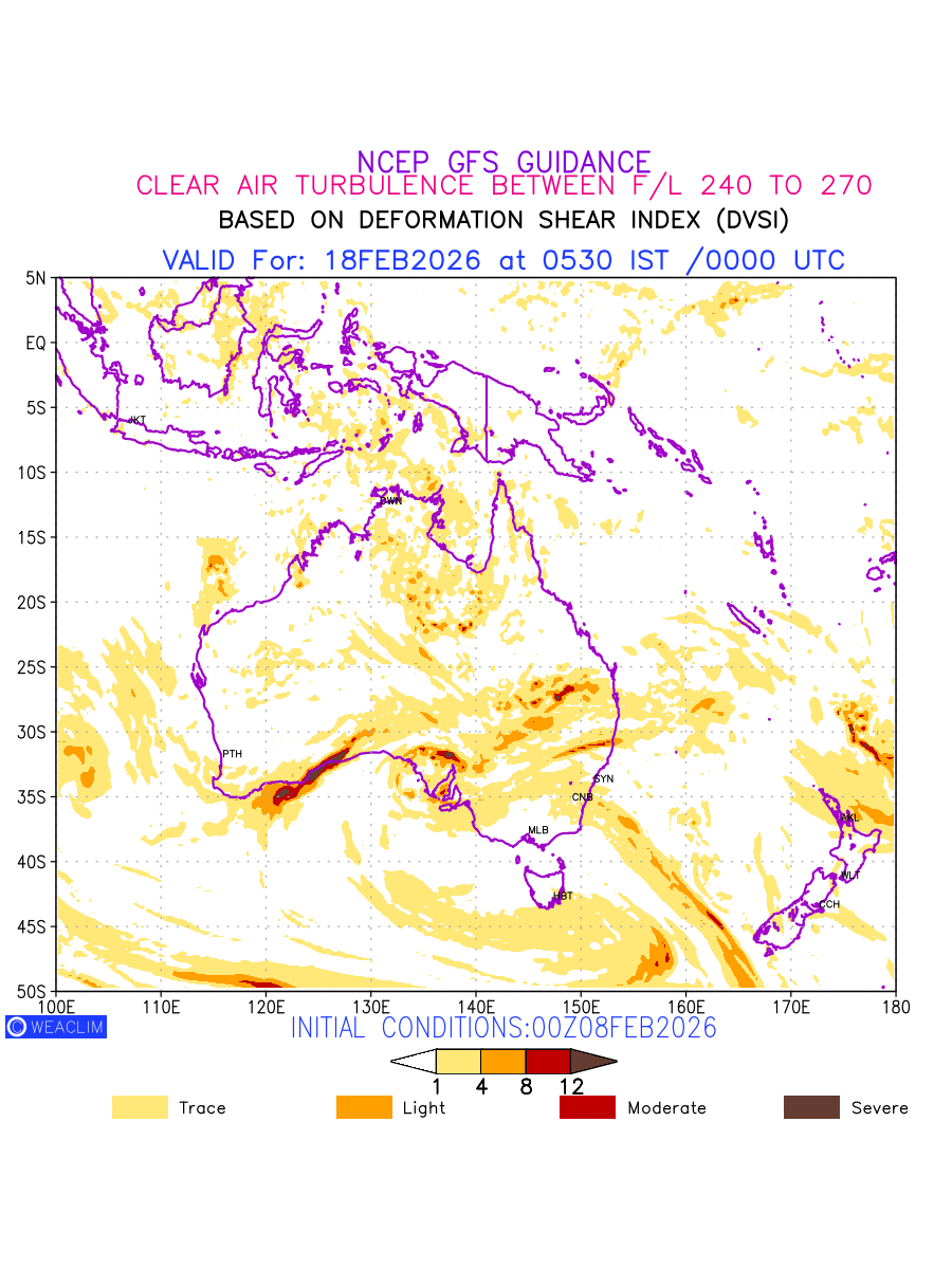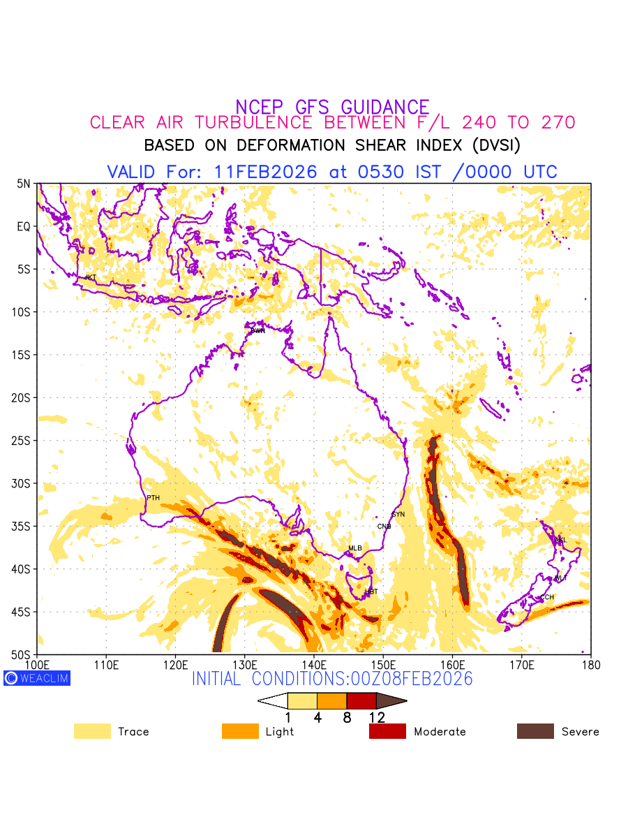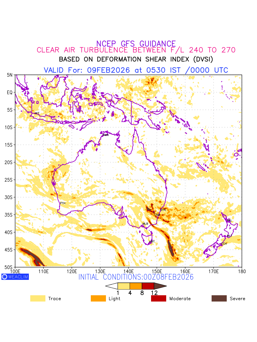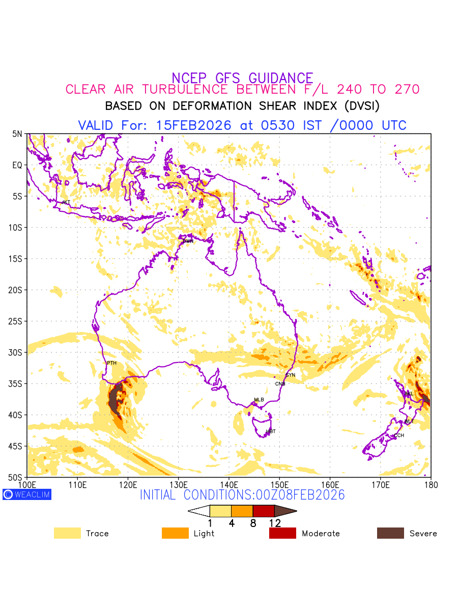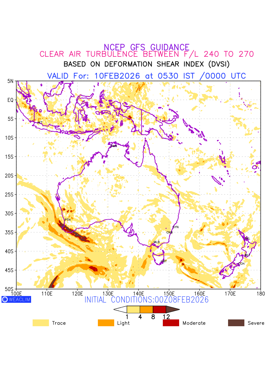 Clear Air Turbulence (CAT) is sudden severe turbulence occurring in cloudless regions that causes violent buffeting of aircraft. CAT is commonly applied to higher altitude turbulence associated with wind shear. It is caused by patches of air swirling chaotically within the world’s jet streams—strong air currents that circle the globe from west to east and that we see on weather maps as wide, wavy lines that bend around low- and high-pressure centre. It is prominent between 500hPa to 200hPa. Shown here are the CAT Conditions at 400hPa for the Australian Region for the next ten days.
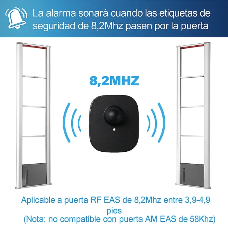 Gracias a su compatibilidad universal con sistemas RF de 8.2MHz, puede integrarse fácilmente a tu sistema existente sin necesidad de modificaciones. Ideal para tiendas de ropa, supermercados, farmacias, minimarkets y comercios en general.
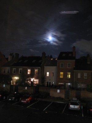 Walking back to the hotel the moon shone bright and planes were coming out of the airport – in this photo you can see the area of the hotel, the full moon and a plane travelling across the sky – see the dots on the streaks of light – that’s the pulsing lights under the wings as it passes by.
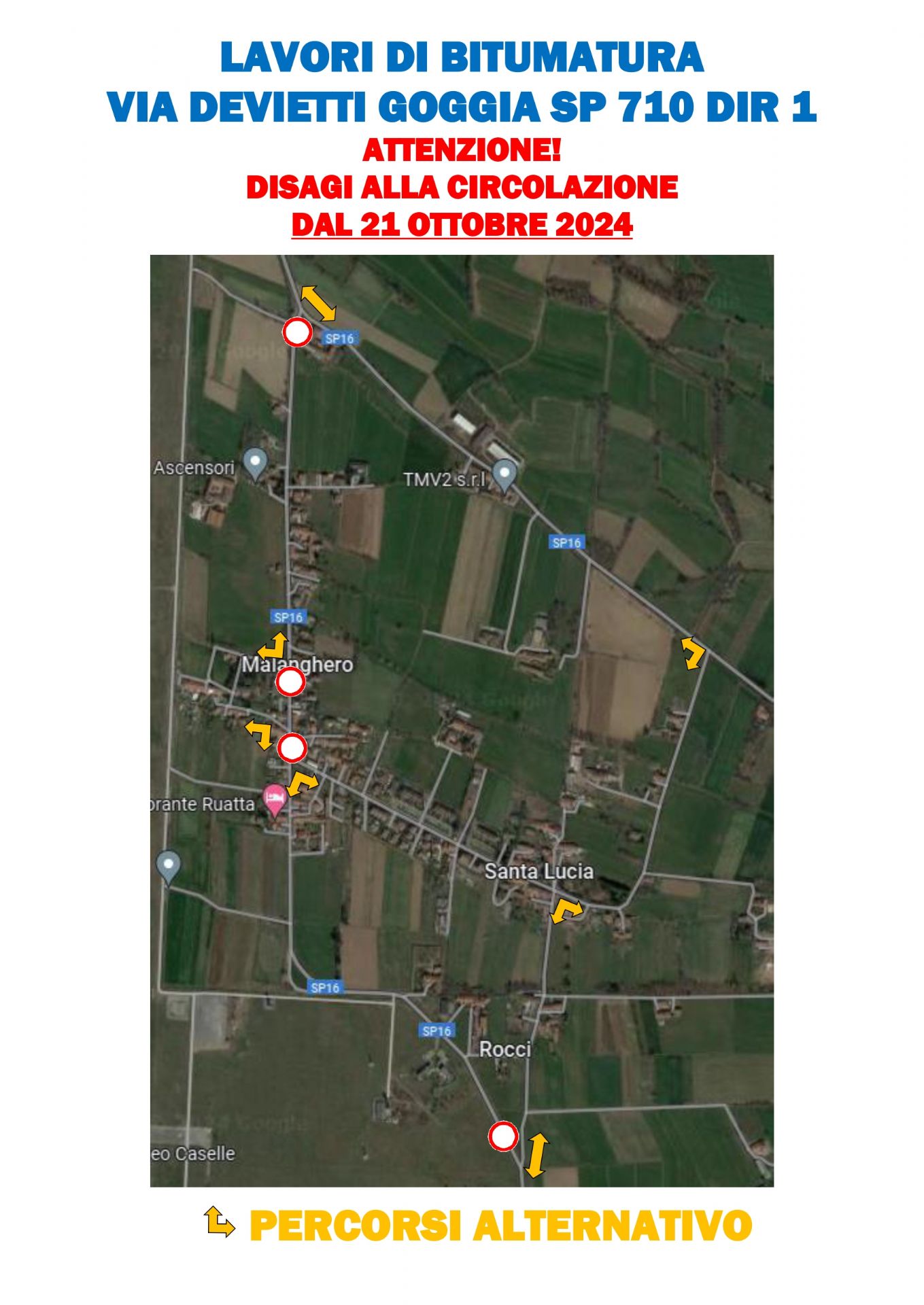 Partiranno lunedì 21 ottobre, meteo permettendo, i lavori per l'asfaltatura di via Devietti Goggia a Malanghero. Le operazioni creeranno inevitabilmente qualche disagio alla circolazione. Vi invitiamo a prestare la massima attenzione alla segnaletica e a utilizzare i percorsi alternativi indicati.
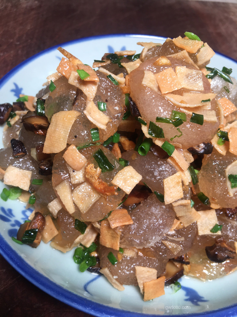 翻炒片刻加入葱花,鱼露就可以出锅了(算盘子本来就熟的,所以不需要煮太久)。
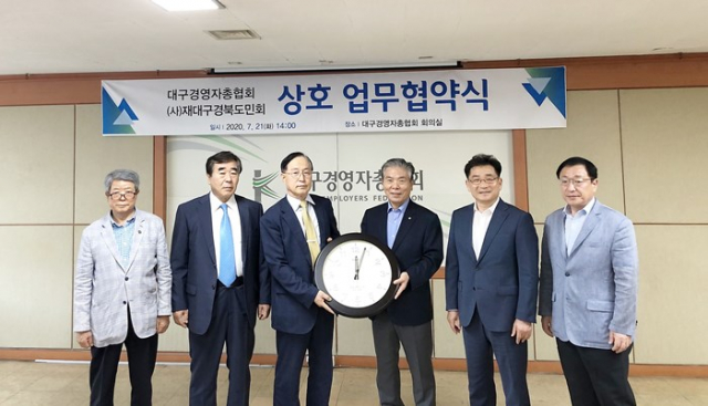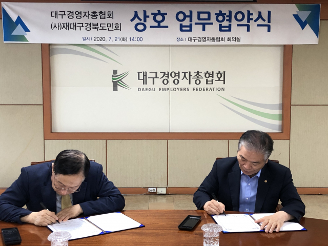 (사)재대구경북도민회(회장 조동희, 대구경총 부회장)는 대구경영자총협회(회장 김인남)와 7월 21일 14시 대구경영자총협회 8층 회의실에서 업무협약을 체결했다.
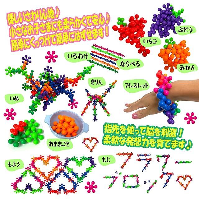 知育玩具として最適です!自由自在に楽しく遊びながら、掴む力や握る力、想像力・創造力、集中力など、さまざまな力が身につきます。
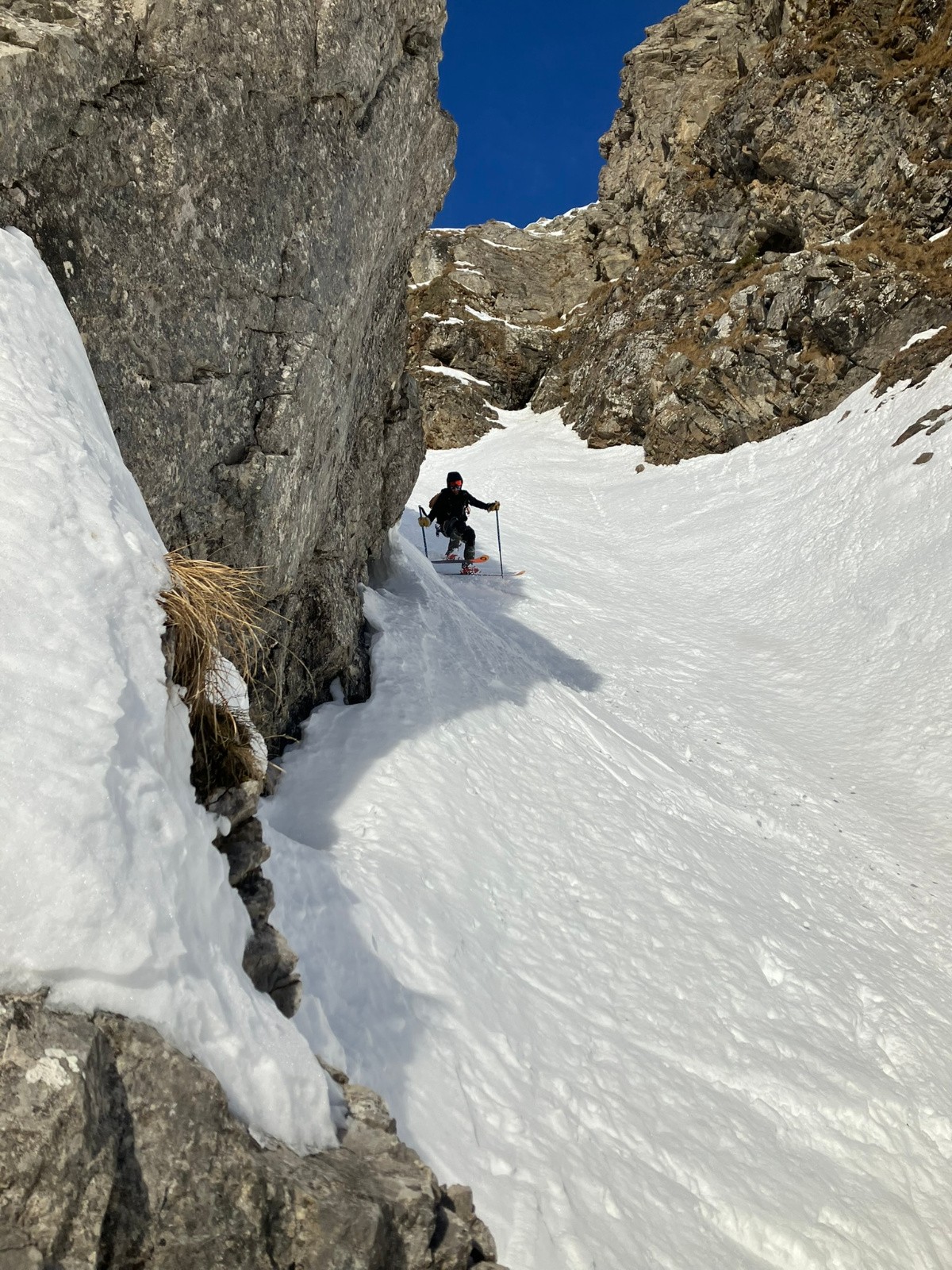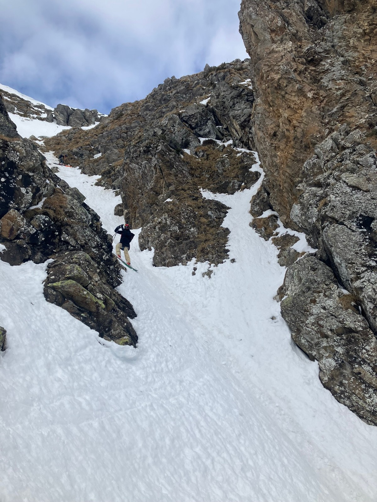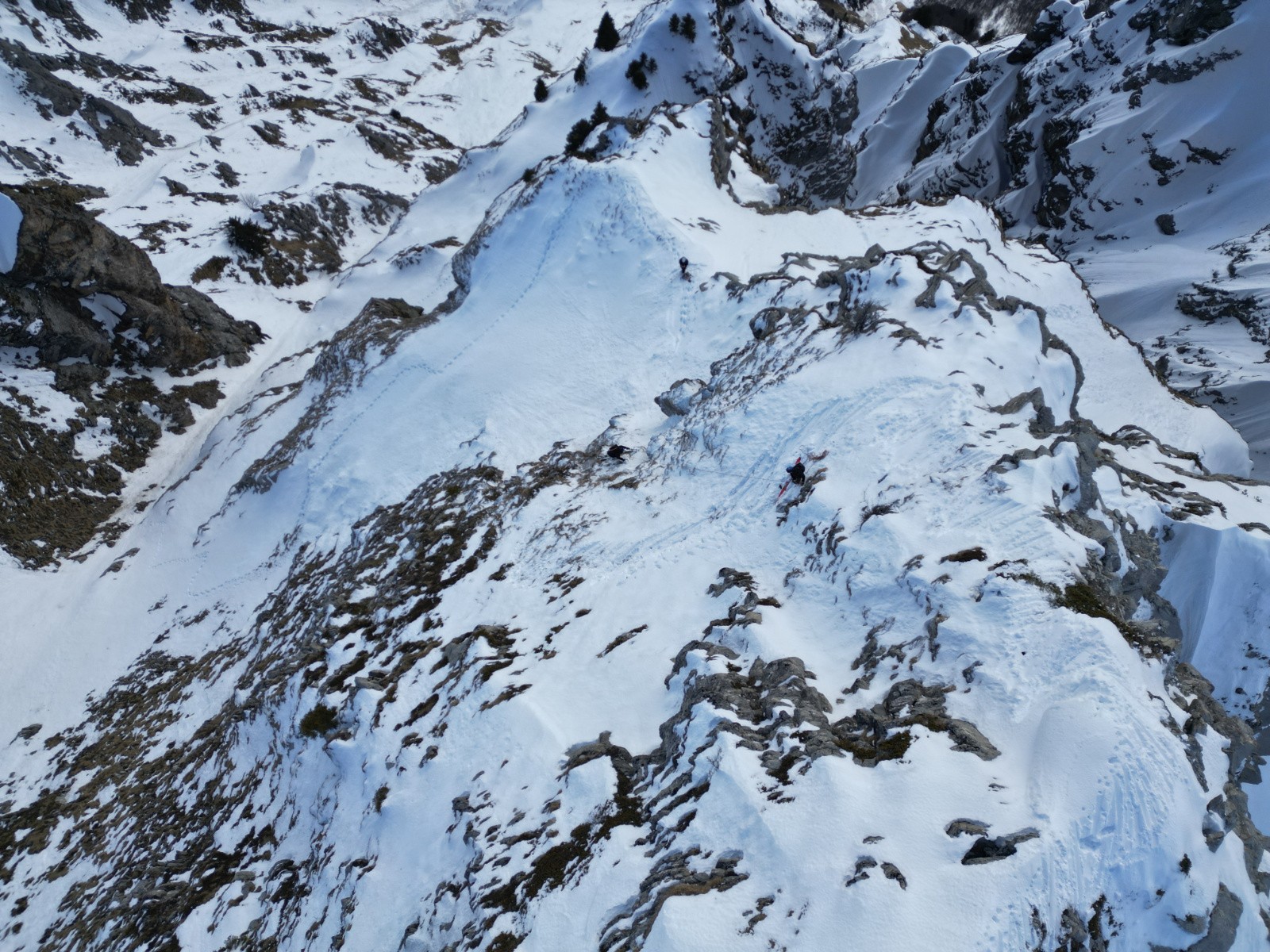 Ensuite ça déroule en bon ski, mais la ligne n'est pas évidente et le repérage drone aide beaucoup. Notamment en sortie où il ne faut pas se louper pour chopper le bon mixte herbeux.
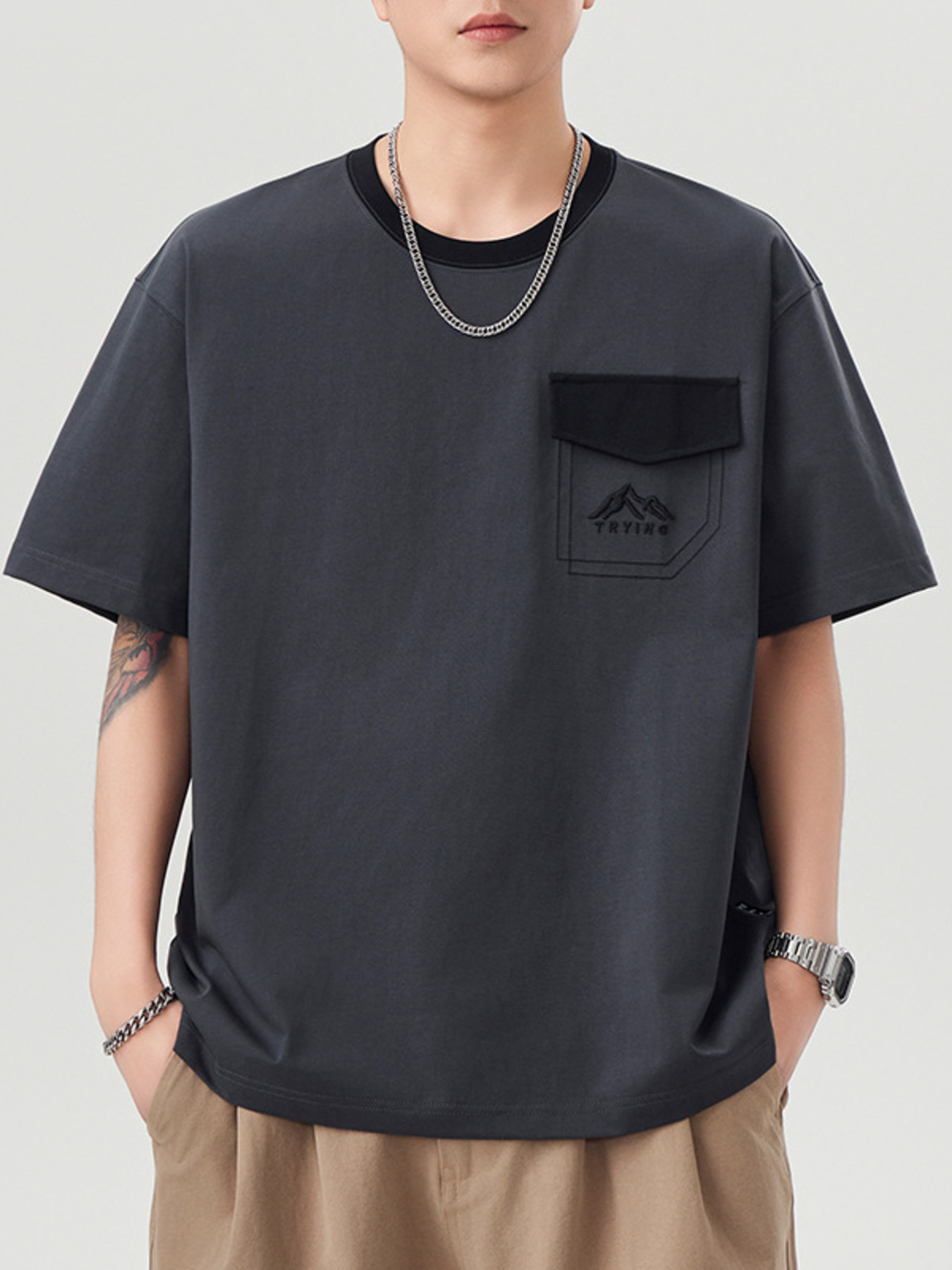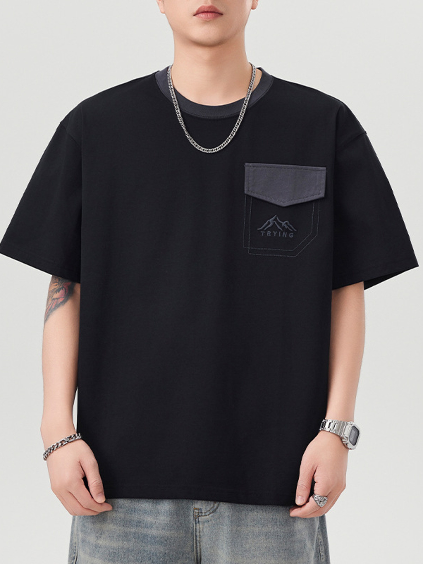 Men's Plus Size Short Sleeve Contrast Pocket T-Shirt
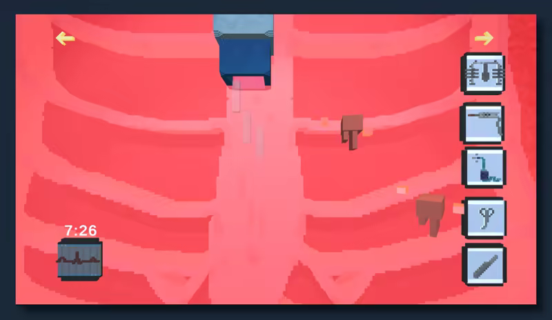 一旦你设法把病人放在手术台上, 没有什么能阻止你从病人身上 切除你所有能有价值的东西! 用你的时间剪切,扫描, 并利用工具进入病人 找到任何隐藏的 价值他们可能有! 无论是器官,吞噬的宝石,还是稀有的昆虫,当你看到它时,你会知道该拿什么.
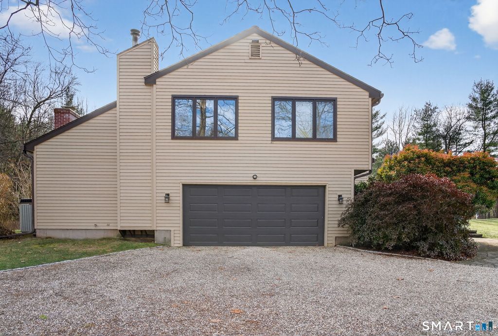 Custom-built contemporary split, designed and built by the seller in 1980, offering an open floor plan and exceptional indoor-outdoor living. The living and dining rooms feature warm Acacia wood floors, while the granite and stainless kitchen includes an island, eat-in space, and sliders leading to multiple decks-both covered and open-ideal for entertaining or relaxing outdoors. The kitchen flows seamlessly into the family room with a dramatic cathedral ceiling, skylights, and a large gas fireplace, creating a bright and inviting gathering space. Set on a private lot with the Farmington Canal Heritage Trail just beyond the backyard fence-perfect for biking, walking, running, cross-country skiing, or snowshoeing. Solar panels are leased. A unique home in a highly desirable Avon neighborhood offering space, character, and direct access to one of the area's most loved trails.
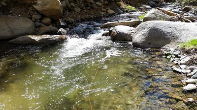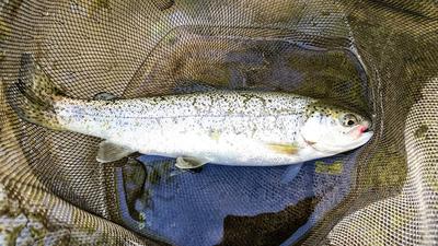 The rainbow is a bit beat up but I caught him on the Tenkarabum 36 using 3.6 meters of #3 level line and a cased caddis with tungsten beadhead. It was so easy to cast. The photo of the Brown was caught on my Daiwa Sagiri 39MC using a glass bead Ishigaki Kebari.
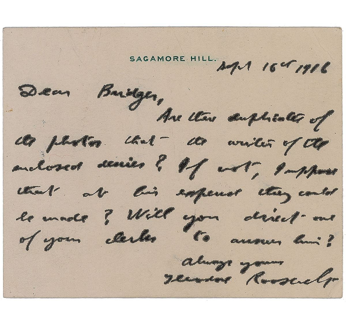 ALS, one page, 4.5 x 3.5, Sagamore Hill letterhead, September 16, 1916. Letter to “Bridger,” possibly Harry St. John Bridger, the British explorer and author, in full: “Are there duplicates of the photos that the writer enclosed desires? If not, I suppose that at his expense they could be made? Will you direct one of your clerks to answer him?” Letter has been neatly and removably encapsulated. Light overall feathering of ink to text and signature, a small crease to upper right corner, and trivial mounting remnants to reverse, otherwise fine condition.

• _TASK PROMPT_
Retype exactly, please, the span from the line holding "The rainbow is" through the closing line of the data, both ends included, without the pictures.

• _SOLVED PROBLEM_
 The rainbow is a bit beat up but I caught him on the Tenkarabum 36 using 3.6 meters of #3 level line and a cased caddis with tungsten beadhead. It was so easy to cast. The photo of the Brown was caught on my Daiwa Sagiri 39MC using a glass bead Ishigaki Kebari.
 ALS, one page, 4.5 x 3.5, Sagamore Hill letterhead, September 16, 1916. Letter to “Bridger,” possibly Harry St. John Bridger, the British explorer and author, in full: “Are there duplicates of the photos that the writer enclosed desires? If not, I suppose that at his expense they could be made? Will you direct one of your clerks to answer him?” Letter has been neatly and removably encapsulated. Light overall feathering of ink to text and signature, a small crease to upper right corner, and trivial mounting remnants to reverse, otherwise fine condition.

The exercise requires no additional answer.